Here is where it breaks. If you run Coolify, your cloudflared very likely runs as a container inside Coolify's Docker network. Inside that container, localhost and 127.0.0.1 mean the container itself, not the host. So when you point a tunnel ingress rule at http://localhost:8090 expecting to reach a PocketBase instance running on the bare-metal host, you get a connection refused and a tunnel that returns 502s while every local curl on the host works perfectly. You will burn an evening before you suspect the network namespace.

The fix is to address the host from inside the container using the Docker bridge gateway:

# cloudflared tunnel config, ingress rule
# WRONG when cloudflared runs inside the Coolify docker network:
#   service: http://localhost:8090
# RIGHT, reach the host service via the bridge gateway:
ingress:
  - hostname: pb.example.com
    service: http://10.0.2.1:8090
  - service: http_status:404

10.0.2.1 is the gateway address of Coolify's Docker bridge network, which routes to the host. A service that lives inside the same Coolify network is reachable by its container name instead. The rule of thumb: a containerised tunnel reaches a bare-metal host service through the bridge gateway, and a co-networked container through its service name, never through localhost. Get that one line right and the whole zero-open-ports design just works.

My actual layout

The setup I run, which has held up for months:

  • One A1 instance, 4 OCPUs and 24 GB RAM, Mumbai, 50 GB boot plus an attached data volume
  • Coolify as the self-hosted PaaS control plane, deploying every app from a Git push
  • Several PocketBase instances as backends, one per project, each on its own subdomain
  • A single Cloudflare Tunnel fronting everything, so zero ingress ports are open on the VM
  • Litestream streaming each PocketBase SQLite file to Cloudflare R2, so a dead instance is a restore, not a loss
  • Caddy or the Coolify-managed proxy for internal TLS where a service is not behind the tunnel

That stack carries 15 to 20 small services comfortably. The constraint I hit first is never CPU, it is RAM when too many Node build steps run at once, which is why the single fat box beats four thin ones for this workload.

When to use it, and when not

Use an A1 Always Free box for personal APIs and internal tools, PocketBase or SQLite-backed apps, background workers and bots, uptime monitors and status pages, ARM64 compatibility staging, and exactly the kind of bootstrapped multi-app PaaS I described above. It is an excellent free lab and an honest early production server. The same idle headroom makes it a clean home for a self-hosted GitHub Actions runner on Oracle ARM, which moves your CI off GitHub's free-minutes meter for zero rupees.

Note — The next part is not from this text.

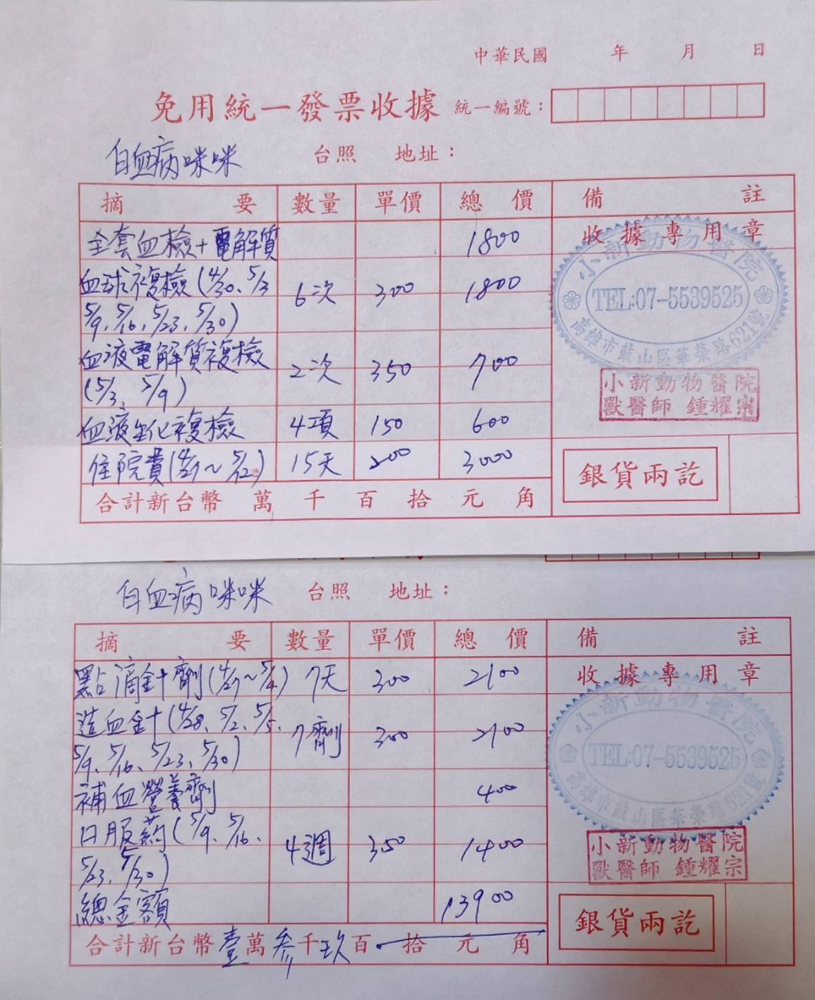 但若是貧血狀況還是沒有改善,咪咪就需要輸血治療,費用可能需要2~3萬元...
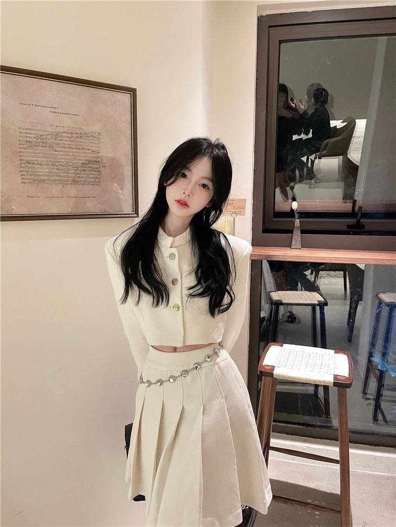 YummyYUMMY韩系秋冬女团奶油色小香设计感小众短款外套+百搭百褶热门设计联盟服务商

Do not use it for revenue-critical databases without off-instance backups, sustained heavy-CPU jobs where paid capacity is simply simpler, x86-only software stacks, public file mirrors or high-bandwidth media, or anything that needs a contractual uptime SLA. Free compute has no SLA, and the moment a project earns money, the right move is to pay for infrastructure and demote the A1 box to staging or a utility node.

Quick takeaways

  • The free pool is 3,000 OCPU hours and 18,000 GB memory hours per month, equivalent to 4 OCPUs and 24 GB RAM run continuously.
  • The real wall is Out of host capacity, not billing. Choose your region deliberately, ask for a smaller shape first, and retry on a loop.
  • 200 GB block storage is shared across all boot and data volumes. Prune Docker images or the 50 GB boot disk fills.
  • Idle reclaim is real at 7-day p95 below 20 percent. Real workload clears it. Fake load is a waste and a violation.
  • A containerised Cloudflare Tunnel reaches a host service via the Docker bridge gateway, not localhost. This is the single most expensive gotcha on the tier.
  • Stream your databases off-instance with Litestream to R2, because a free VM is a box you should be able to lose without flinching.